Huchra is AAS president-elect
DOI: 10.1063/1.2754613
An astronomy professor at the Harvard–Smithsonian Center for Astrophysics (CfA) has taken office as president-elect of the American Astronomical Society.
John P. Huchra, the Robert O. and Holly Thomis Doyle Professor of Cosmology at Harvard University, where he is also senior adviser to the provost on research policy, assumed his role at the society’s annual meeting in May. He will serve as president-elect until 2008, when he becomes president for a two-year term, succeeding J. Craig Wheeler (see Physics Today, July 2005, page 73
“I hope to … successfully represent the excitement of astronomy and the importance of basic research in astronomy and astrophysics to the public and to our government,” Huchra told Physics Today. “I hope to strengthen relationships between and among the community, the agencies responsible for federal funding of astronomy, and the government.”
Huchra’s research focus is observational cosmology, particularly the study of the distribution and dynamics of matter and of the formation of structure in the universe. As part of his research, he has completed two important galactic surveys. One maps the distribution of nearby galaxies. The second uncovered evidence that almost all galaxies lie on thin, bubble-like surfaces and of what remains the largest single structure seen in any survey, the “Great Wall.”
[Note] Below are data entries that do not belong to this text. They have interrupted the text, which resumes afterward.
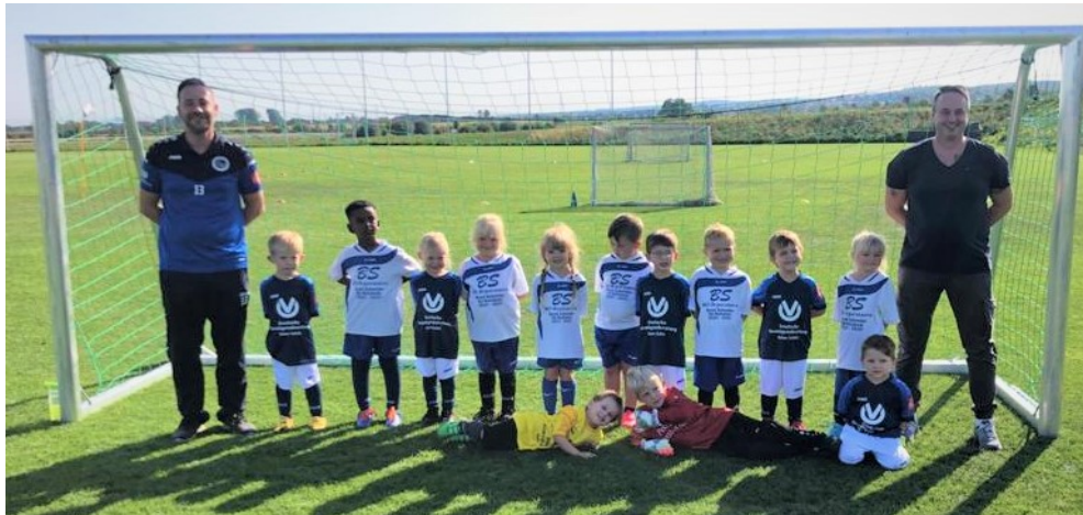
Testspiel der Bambini-Mannschaft am 19.09.2020 in Billig
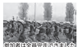
参加者は全員完走できました
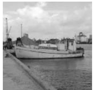
Nordsiden af ydre sydhavn.

Efter Havnemesterens kontor går turen tilbage langs kajen til inderhavnen, hvor Endelavefærgen (10) lægger til. Inderhavnen rundes, men i weekenderne og udenfor arbejdstid kan her være lukket for passage. Så må man udenom den første bebyggelse for at fortsætte langs den sydlige kaj - men pas på: Det er en arbejdsplads med daglig kørsel af kraner, trucks og lastbiler - forbi KFK ud til DFDS-Lands-transport (11) .
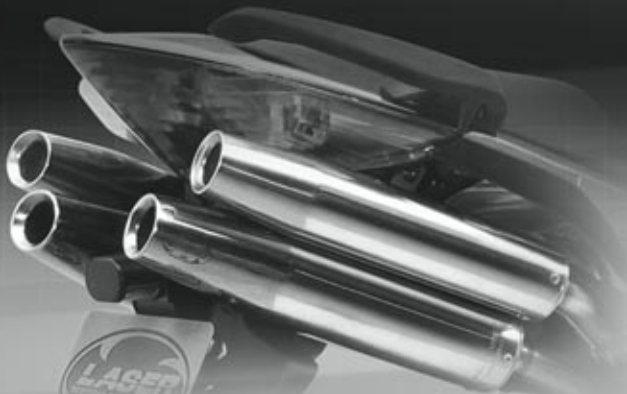
LASER X-TREME (4x TAPERED)
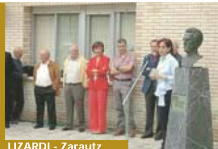
LIZARDI - Zarautz
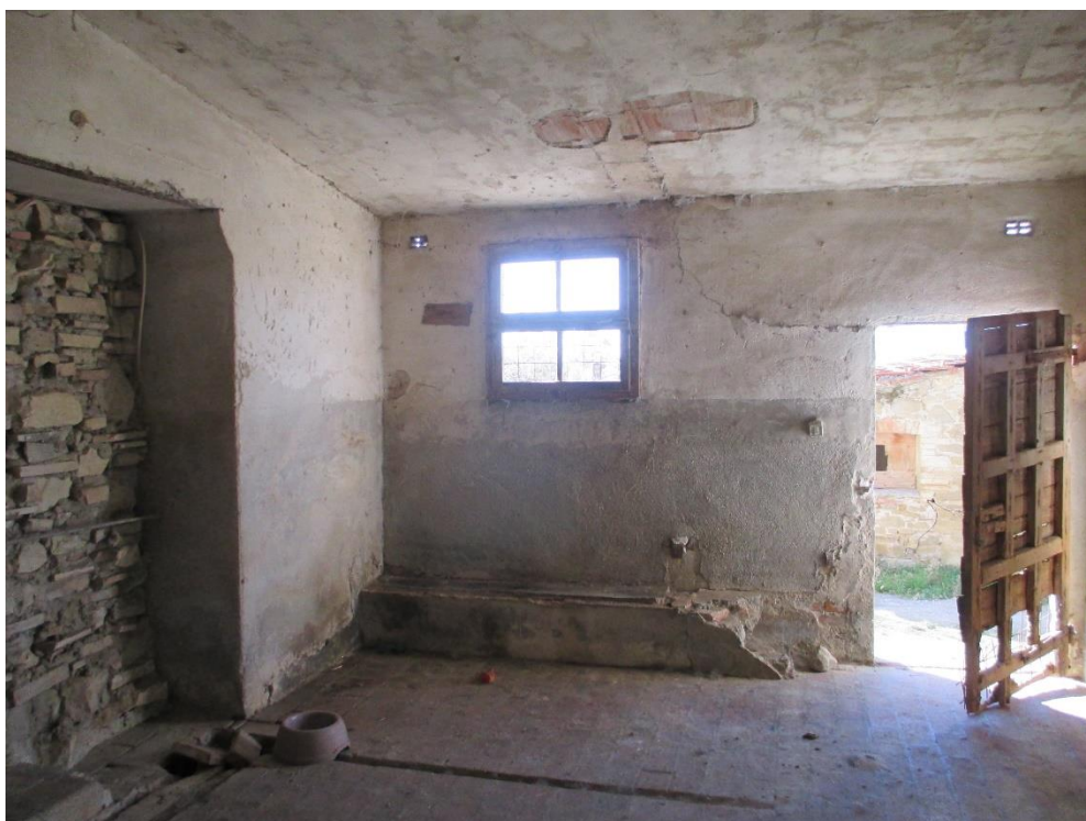
Foto n.11: Interno del fondo al piano terra posto a nord dell'edificio con accesso dal prospetto ovest, con il particolare della parete tamponata.

Huchra graduated from MIT in 1970 and received a PhD in astronomy from Caltech in 1976. He joined the CfA in 1976 as a postdoctoral fellow. A member of the American Academy of Arts and Sciences, he was elected to the National Academy of Sciences in 1993.
In other AAS election results, Lee Hartmann (University of Michigan), presently an AAS councilor, will serve a three-year term as society vice president, and John Graham (Carnegie Institution of Washington) will serve a three-year term as secretary. Richard Green (Large Binocular Telescope Observatory) is the new publications board chair, and Edward Churchwell (University of Wisconsin) is the society’s new member of the US National Committee for the International Astronomical Union.
Also, Chryssa Kouveliotou (NASA’s Marshall Space Flight Center), Felix Lockman (National Radio Astronomy Observatory), and Nicholas Suntzeff (Texas A&M University) will serve three-year terms as AAS councilors.